I was tired of seeing the majority of my posts’ comments feeds show up in Google’s Supplemental Index, so I changed all the individual posts’ comments RSS links to rel=”nofollow”. This should at least cause Googlebot to stop passing PageRank through those links, but what I really want is for Googlebot to stop spidering the individual posts’ comment feeds, in hopes that they’ll eventually be removed from the index. To see only those pages of a site that are in the Supplemental Index, use this neat little search feature:
site:DOMAIN.com *** -view. For example, to see which pages of Ardamis.com are in the SI, I’d search for:
site:ardamis.com *** -view. This is much easier than the old way of scanning all of the indexed pages and picking them out by hand.

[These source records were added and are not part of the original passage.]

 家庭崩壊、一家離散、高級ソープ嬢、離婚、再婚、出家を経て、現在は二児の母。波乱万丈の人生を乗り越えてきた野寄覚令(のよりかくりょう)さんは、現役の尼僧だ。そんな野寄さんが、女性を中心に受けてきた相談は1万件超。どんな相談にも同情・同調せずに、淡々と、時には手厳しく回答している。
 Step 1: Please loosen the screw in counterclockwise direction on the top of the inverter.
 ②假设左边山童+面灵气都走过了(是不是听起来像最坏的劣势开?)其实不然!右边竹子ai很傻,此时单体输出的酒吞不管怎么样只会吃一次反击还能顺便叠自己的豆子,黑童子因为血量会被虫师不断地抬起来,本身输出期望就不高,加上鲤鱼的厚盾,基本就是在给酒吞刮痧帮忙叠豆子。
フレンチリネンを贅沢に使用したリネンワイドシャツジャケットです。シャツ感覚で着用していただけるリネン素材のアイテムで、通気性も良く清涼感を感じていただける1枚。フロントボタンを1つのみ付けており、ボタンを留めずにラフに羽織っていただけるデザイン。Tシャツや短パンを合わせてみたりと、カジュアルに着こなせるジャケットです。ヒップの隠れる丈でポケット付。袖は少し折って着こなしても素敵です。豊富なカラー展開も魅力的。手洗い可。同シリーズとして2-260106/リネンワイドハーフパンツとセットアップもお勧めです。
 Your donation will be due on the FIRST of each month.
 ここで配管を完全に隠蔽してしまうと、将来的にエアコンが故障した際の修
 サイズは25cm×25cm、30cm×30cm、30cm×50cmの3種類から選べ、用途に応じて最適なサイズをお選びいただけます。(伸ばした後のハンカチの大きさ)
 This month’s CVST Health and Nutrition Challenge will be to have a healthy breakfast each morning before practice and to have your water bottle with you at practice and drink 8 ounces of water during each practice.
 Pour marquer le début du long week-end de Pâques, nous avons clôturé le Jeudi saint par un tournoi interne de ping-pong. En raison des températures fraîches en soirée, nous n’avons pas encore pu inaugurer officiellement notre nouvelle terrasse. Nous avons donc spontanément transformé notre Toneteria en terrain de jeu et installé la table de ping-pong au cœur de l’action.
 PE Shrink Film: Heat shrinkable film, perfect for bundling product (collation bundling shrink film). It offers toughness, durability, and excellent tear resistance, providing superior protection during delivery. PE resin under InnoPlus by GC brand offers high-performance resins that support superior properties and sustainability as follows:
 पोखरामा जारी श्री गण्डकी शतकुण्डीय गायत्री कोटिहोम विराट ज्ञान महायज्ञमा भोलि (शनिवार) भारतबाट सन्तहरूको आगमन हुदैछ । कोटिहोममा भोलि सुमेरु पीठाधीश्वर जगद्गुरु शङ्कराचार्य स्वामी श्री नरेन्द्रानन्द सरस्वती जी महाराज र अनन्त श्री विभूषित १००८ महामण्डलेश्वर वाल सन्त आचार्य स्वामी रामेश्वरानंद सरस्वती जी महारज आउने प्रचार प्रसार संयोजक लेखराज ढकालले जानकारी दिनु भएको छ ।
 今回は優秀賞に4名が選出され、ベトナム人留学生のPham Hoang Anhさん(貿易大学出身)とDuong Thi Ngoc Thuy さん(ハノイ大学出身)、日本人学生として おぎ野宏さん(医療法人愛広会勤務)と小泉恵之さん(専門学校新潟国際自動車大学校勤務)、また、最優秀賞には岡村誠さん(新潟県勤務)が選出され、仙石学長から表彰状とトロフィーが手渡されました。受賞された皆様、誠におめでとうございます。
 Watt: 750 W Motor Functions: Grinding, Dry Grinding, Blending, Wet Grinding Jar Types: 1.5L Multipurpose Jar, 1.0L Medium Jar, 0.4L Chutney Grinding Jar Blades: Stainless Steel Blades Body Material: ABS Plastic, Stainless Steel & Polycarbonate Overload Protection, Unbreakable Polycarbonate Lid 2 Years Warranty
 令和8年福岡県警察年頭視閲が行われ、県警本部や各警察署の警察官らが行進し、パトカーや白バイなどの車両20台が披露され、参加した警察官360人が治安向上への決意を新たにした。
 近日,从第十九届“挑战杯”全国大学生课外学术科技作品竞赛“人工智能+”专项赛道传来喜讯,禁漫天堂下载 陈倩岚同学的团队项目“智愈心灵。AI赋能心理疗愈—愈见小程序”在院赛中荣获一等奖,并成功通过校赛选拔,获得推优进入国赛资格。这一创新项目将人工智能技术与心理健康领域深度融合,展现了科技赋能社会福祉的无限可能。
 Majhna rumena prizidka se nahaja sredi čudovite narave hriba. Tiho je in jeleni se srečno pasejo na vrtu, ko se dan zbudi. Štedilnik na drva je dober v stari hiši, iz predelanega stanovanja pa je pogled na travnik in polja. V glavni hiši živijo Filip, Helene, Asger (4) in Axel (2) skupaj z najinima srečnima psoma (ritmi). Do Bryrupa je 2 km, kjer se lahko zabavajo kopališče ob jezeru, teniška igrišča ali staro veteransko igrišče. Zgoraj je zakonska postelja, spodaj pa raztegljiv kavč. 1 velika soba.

To change all the individual posts’ comments feed links to rel=”nofollow”, open ‘wp-includesfeed-functions.php’ and add rel=”nofollow” to line 84 (in WordPress version 2.0.6), as so:
echo "<a href="$url" rel="nofollow">$link_text</a>";
One could use the robots.txt file to disallow Googlebot from all /feed/ directories, but this would also restrict it from the general site’s feed and the all-inclusive /comments/feed/, and I’d like the both of these feeds to continue to be spidered. Another, minor consequence of using robots.txt to restrict Googlebot is that Google Sitemaps will warn you of “URLs restricted by robots.txt”.
To deny all spiders from any /feed/ directory, add the following to your robots.txt file:
User-agent:* Disallow: /feed/
To deny just Googlebot from any /feed/ directory, use:
User-agent: Googlebot Disallow: /feed/
For whatever reason, the whole-site comments feed at http://www.ardamis.com/comments/feed/ does not appear among my indexed pages, while the nearly empty individual post feeds are indexed. Also, the general site feed at http://www.ardamis.com/feed/ is in the Supplemental Index. It’s a mystery to me why.